The data-set aims to answer the following key questions:

1. Does various predicting factors which has been chosen initially really affect the Life expectancy? 
2. What are the predicting variables actually affecting the life expectancy?
3. Should a country having a lower life expectancy value(<65) increase its healthcare expenditure in order to improve its average lifespan?
4. How does Infant and Adult mortality rates affect life expectancy?
5. Does Life Expectancy has positive or negative correlation with eating habits, lifestyle, exercise, smoking, drinking alcohol etc.
6. What is the impact of schooling on the lifespan of humans?
7. Does Life Expectancy have positive or negative relationship with drinking alcohol?

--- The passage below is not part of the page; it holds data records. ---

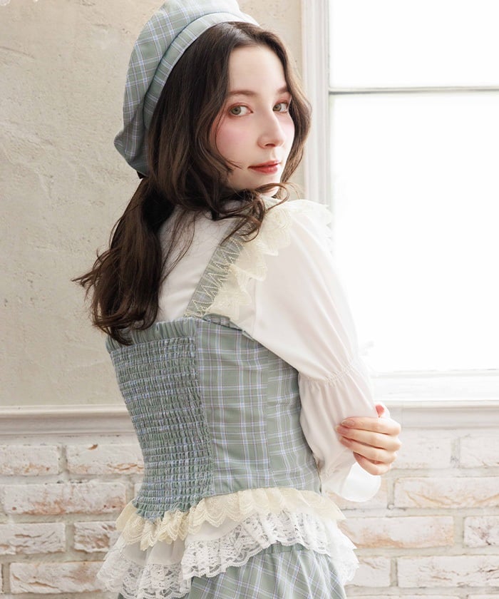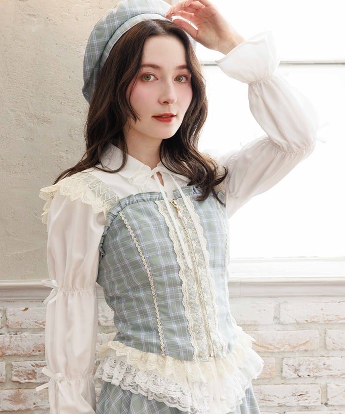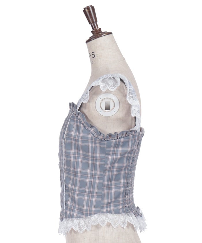 A bustier boasting an eye-catching original check pattern, letting you enjoy a classical mood.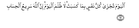 17. Alyawma tujza kullu nafsin bima kasabat la thulma alyawma inna Allaha sareeAAu alhisabi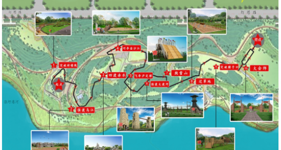 10.勝利大會師。歷史背景:1936 年 10 月,紅軍三大主力在甘肅會寧勝利會師,從而結束了具有偉大歷史意義的長征,這是中國革命史上的偉大創舉,也是中國革命由挫折走向勝利的偉大轉折。項目設置:秋千橋、勇士穿越、攀網過河、沼澤跳躍、會師臺。項目占地:總長 600m,寬 25m。

8. Do densely populated countries tend to have lower life expectancy?
9. What is the impact of Immunization coverage on life Expectancy?

Dataset details:
1. Country = Country
2. Year = Year of data
3. Status = developed/ developing country status
4. Life expectancy = life expectancy in age
5. Adult Mortality = Adult Mortality Rates of both sexes (probability of dying between 15 and 60 years per 1000 population)
6. infant deaths = Number of Infant Deaths per 1000 population
7. Alcohol = Alcohol, recorded per capita (15+) consumption (in litres of pure alcohol)
8. percentage expenditure = Expenditure on health as a percentage of Gross Domestic Product per capita(%)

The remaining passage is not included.